-- DATA EXCERPT follows --

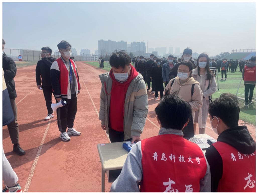 学生到达集合地点,系统登记、人员引导、列队待检等各个环节都高效有序。学生排队打卡的场面成为了一道崭新的风景线,信息统计志愿者张致远说:“通过使用打卡方式,我们现场组织更有条理了,系统登记以后当天到场人员情况一目了然。”
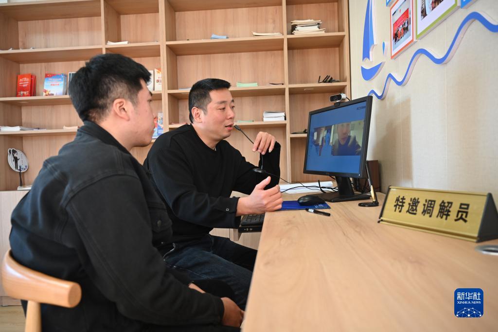 11月18日,在福建省寧德市霞浦縣溪南鎮七星海上社區訴非聯(lián)動(dòng)中心,霞浦縣法院特邀調解員(右)為漁民飼料款拖欠糾紛進(jìn)行視頻連線(xiàn)調解。
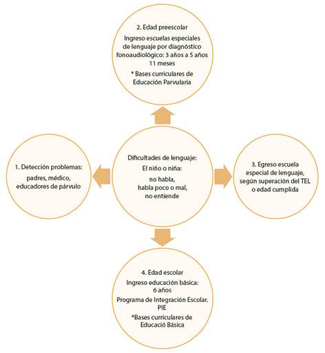 Para tener una mayor comprensión del recorrido que hace un niño o niña que presenta TEL en el sistema educacional nacional de Chile, se presenta la Figura 1, que muestra una síntesis de la trayectoria escolar de atención del TEL en Chile: detección de dificultades de lenguaje, ingreso a escuela de lenguaje en el nivel preescolar, egreso de la escuela de lenguaje e ingreso a educación general básica.
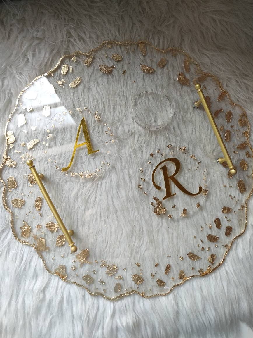 - صواني شبكة من معدن أو أكريليك، مزينة بشرائط وورد صناعي متناسق مع باقي الإكسسوارات.

-- DATA EXCERPT concluded --

Each line, from the beginning of the listing to the line bearing "11月18日,在福建省寧德市" inclusive, should be copied exactly; the pictures stay out.

[OUTPUT]
 学生到达集合地点,系统登记、人员引导、列队待检等各个环节都高效有序。学生排队打卡的场面成为了一道崭新的风景线,信息统计志愿者张致远说:“通过使用打卡方式,我们现场组织更有条理了,系统登记以后当天到场人员情况一目了然。”
 11月18日,在福建省寧德市霞浦縣溪南鎮七星海上社區訴非聯(lián)動(dòng)中心,霞浦縣法院特邀調解員(右)為漁民飼料款拖欠糾紛進(jìn)行視頻連線(xiàn)調解。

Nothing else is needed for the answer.